[Yhc] Regarding Yhc bytecode versioning

Sun Oct 29 15:51:36 EST 2006

Yhc hackers,

Several weeks ago I received a report that my bytecode library for  
Yhc was not working correctly.  I investigated the matter and  
discovered several reasons for the problem.  I've fixed the bugs and  
released a new version of the library.  The problems were:

* Idiocy on my part.  I somehow managed to get the minor version of  
the Yhc bytecode set wrong.  I thought it was 9, but it actually is 10.
* Compatibility-breaking changes to the bytecode file format.

The second problem is the one I wish to discuss.  Since I began work  
on the Yhc bytecode library in May, there have been at least two  
instances of compatibility-breaking changes.  One relates to Hat  
integration, I believe, and the other has to do with the switch to  
libFFI.  Both of these changes were made without bumping the version  
number that appears in the file header.

I would like to suggest that such changes be avoided in the future.   
It seems to me that Yhc is fairly rapidly approaching a feature- 
complete release, and I think we should start thinking pretty  
seriously about stability issues.  If it becomes necessary to somehow  
modify the file format, then I feel that we should be careful to  
document the changes, and be sure to bump the version number.  That  
way we can rely on the stated version number to reliably identify the  
proper parsing procedures for a bytecode file.  Without this basic  
guarantee, it becomes very difficult to achieve interoperability.
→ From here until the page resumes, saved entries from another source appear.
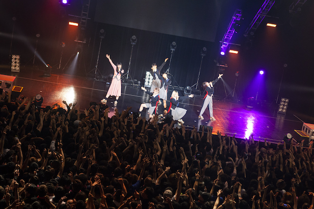 続いて、アユニの雄叫びから始まる「遂に死」で両手を左右に振る振り付けでフロアとの一体感を増したのち、エモーショナルな歌詞が印象に残る「PAiNT it BLACK」、曲中で客席とのシンガロングが目立つ「stereo future」、一本指を掲げる振り付けでフロアとシンクロする「FOR HiM」を歌い上げ、MCタイムに。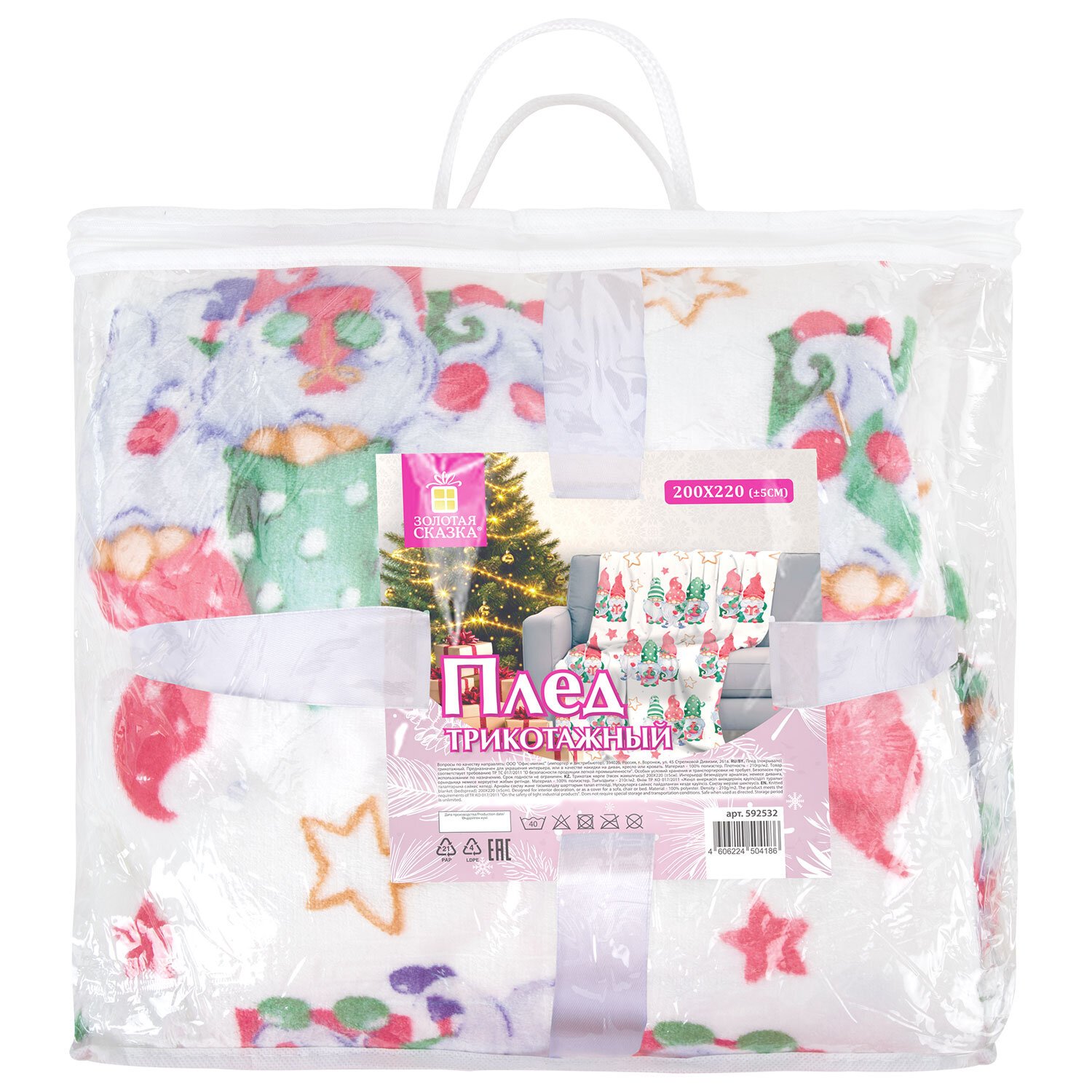 Плед новогодний 200х220см "Гномики", полиэстер, 210г/м2, ЗОЛОТАЯ СКАЗКА, 592532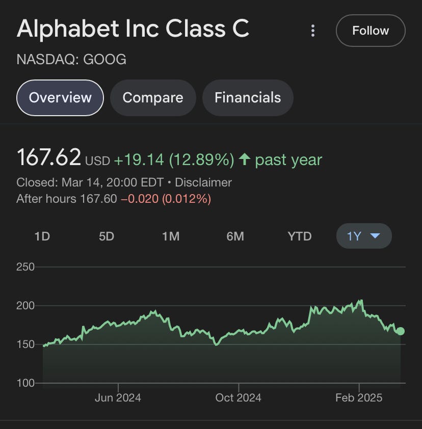 整體而言到 2030 年,GOOGLE 業務規模將達到 3.6 兆美元。假設折現率為10%,它的價值應該為2.2兆美元,但目前它的價值只有2兆美元,即使按照非常保守的假設,並且由於人工智慧威脅導致搜尋業務的本益比非常低,我們的估值仍然被低估了 10%。無論如何,對於像 #GOOG 這樣的優秀企業來說,這都是一筆很棒的交易。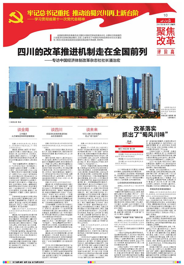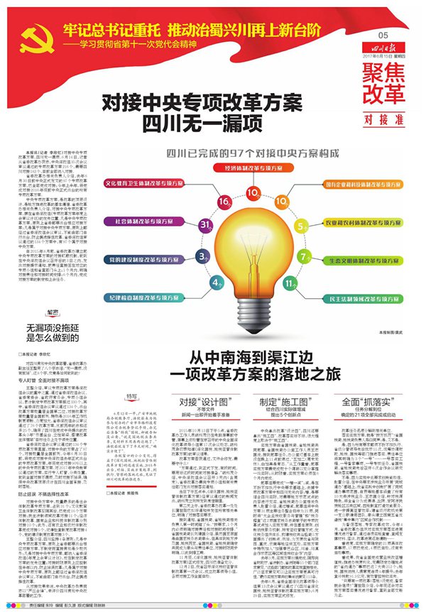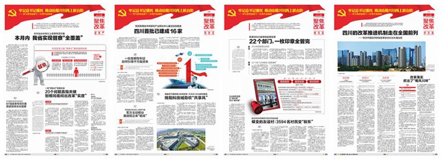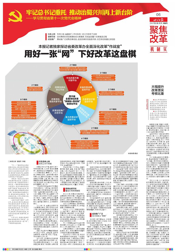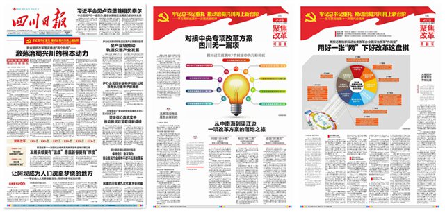 在四川日报的第五版至第十版,总计6个版面中,分别从6个方面:对接准、机制实、督察严、特色足、成效显、评价高,对四川的全面深化改革实践进行了充分报道,点面结合,有理有据,令人信服。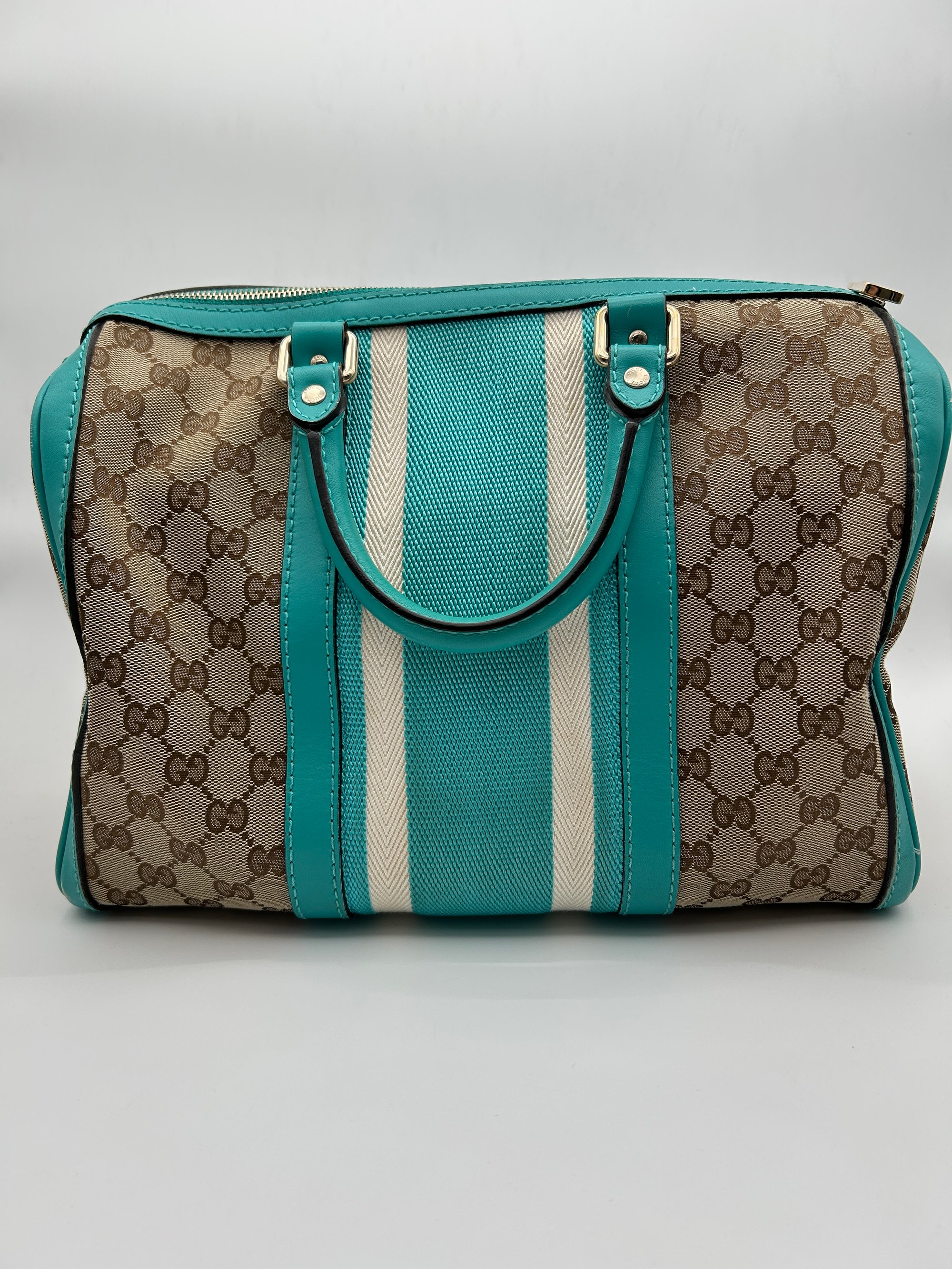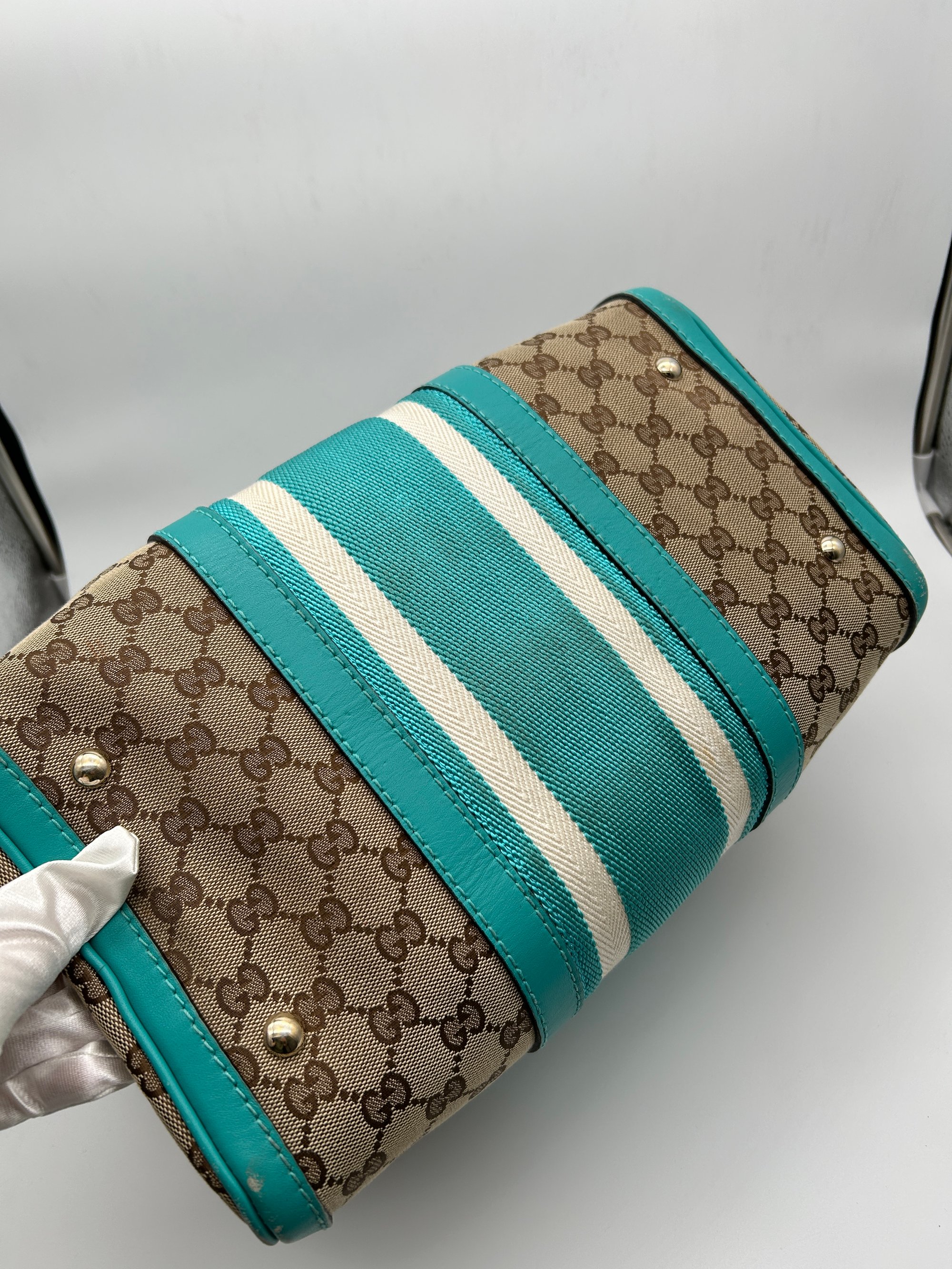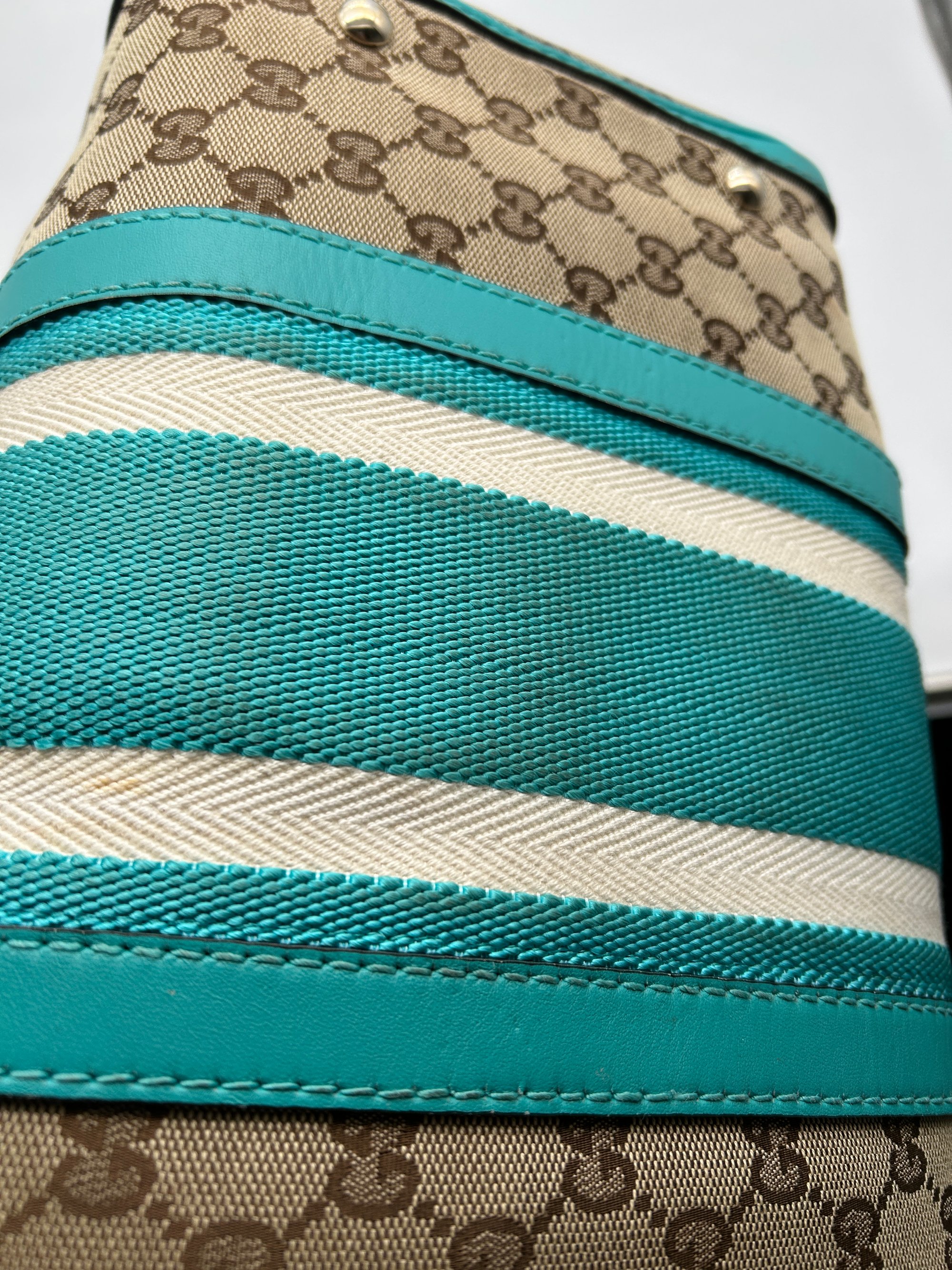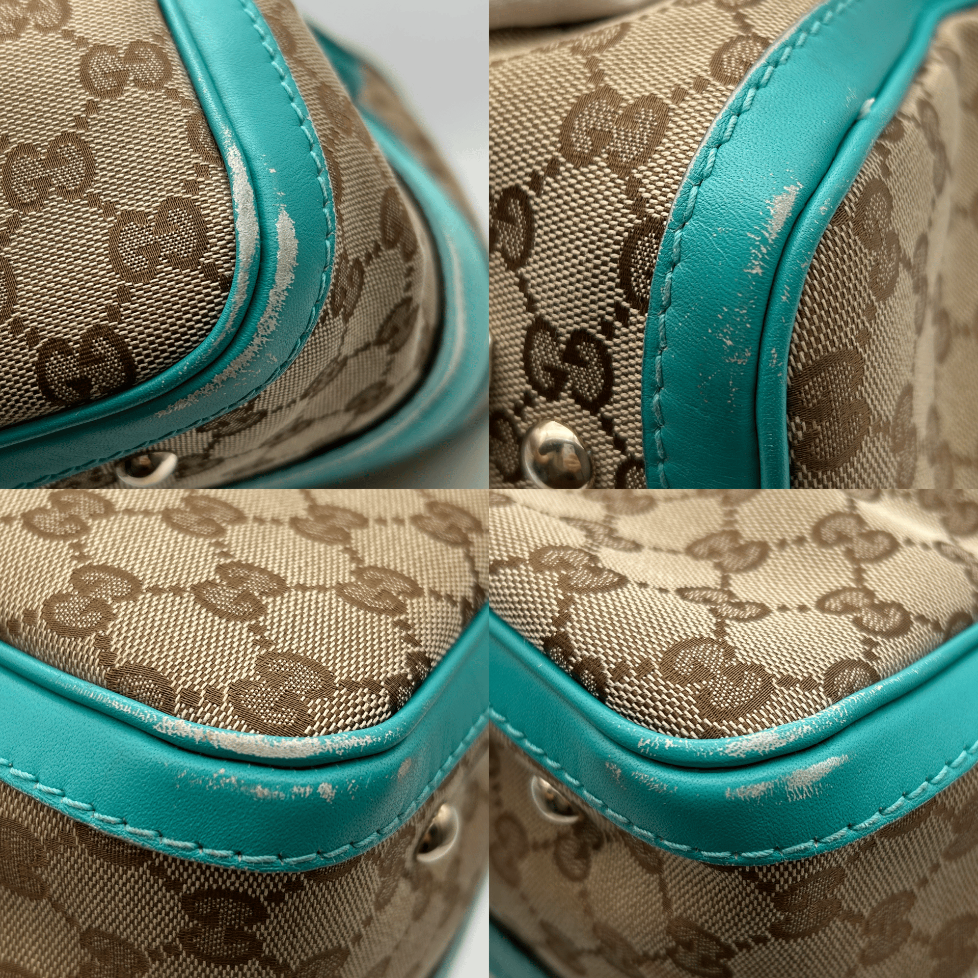 The canvas is free of any tears or holes. The metal hardware has some slight discolouration. All four bottom corners have some scuffing on the leather. The leather handles have a few small scratches. The material on the base of the bag has some water staining. The inside is very clean and has no odour but does have one stain around the opening of the bag.

It may also be a good time to think about a ways to future-proof the  
file format so that future additions can be made without breaking  
compatibility.  Right now the format is quite fragile.  Perhaps we  
could take inspiration from the Java classfile format.  The basic  
idea is that there are named blocks of data with a minimal header  
which gives the name of the block and the size of the data payload.   
The name of the block defines the meaning of the data.  Eg, the  
'CODE' block contains bytecode instructions, etc.  If any block is  
encountered with an unrecognized name, it is ignored.  That way, one  
can have optional blocks, or one can add blocks without breaking  
compatibility.  One can also have optional information (like  
debugging symbols) and things of that nature.

What do you think?

Rob Dockins

Speak softly and drive a Sherman tank.
Laugh hard; it's a long way to the bank.
           -- TMBG